Quando due sostanze sono immiscibili tra loro, esiste una tensione interfacciale al confine delle stesse che deriva dalla mancanza di interazione tra le molecole immiscibili.  Le molecole di ciascun lato possono interagire solo con i vicini sul proprio lato. 

Le emulsioni sono possibili perché la tensione superficiale che esiste tra i componenti immiscibili viene ridotta dall’azione di molecole (stabilizzanti) che consentono alle fasi immiscibili di formare una fase omogenea stabile nota appunto come emulsione. Gli stabilizzanti tensioattivi, sono utilizzati per ridurre il lavoro necessario per superare l’energia libera superficiale, per disperdere una fase nell’altra e stabilizzare l’emulsione finale.

DISPOSIZIONE DEGLI EMULSIONANTI

La porzione idrofila della molecola di un emulsionante è attratta dalla fase acquosa mentre l’aspetto lipofilo della molecola è attratto dalla fase oleosa.

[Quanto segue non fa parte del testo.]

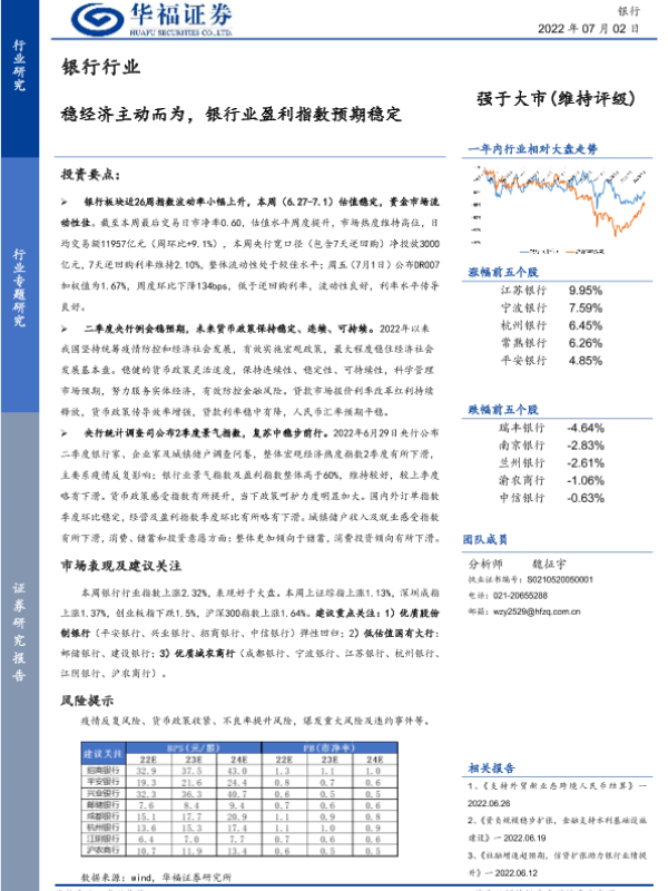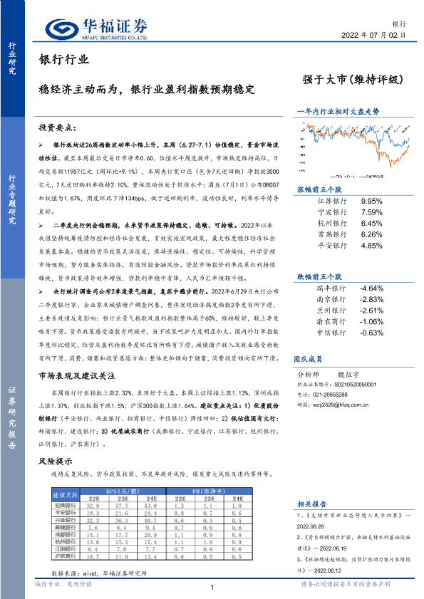【华福证券】【20220702】稳经济主动而为,银行业盈利指数预期稳定-15页

Pertanto, l’emulsionante si trova in un’interfaccia olio-acqua con il gruppo idrofilo (amante dell’acqua) sul lato acquoso e il gruppo lipofilo (amante dei lipidi) sul lato olio dell’interfaccia. In tal modo, l’emulsionante riduce la tensione interfacciale dell’interfaccia olio-acqua. La tensione interfacciale al confine tra una fase oleosa e una fase acqua, deriva dalla mancanza di interazione tra le molecole attraverso il confine, nello stesso modo in cui una superficie d’acqua esposta all’aria mostra una tensione superficiale. Le molecole su ciascun lato dell’interfaccia possono interagire solo con i vicini sul proprio lato dell’interfaccia. C’è una forza sulle molecole dell’interfaccia perché possono interagire solo su tre lati. Quando un emulsionante risiede in quel confine, fornisce e riduce la tensione interfacciale in base alla sua natura e alla sua concentrazione. A bassi livelli di emulsionanti, la tensione interfacciale diminuisce all’aumentare della concentrazione dell’emulsionante. Una volta che l’interfaccia è completamente satura di  molecole emulsionanti, non si vedono ulteriori diminuzioni della tensione interfacciale. Questo livello è chiamato concentrazione critica di micelle. L’ulteriore aggiunta di molecole emulsionanti provoca la formazione di strutture (ad esempio, micelle) all’interno di una delle fasi (olio o acqua), a seconda della natura dell’emulsionante. La concentrazione critica di micelle, diminuisce con l’aumentare della lunghezza della catena idrocarburica dei gruppi non polari o con l’aggiunta di elettroliti  tensioattivi ionici.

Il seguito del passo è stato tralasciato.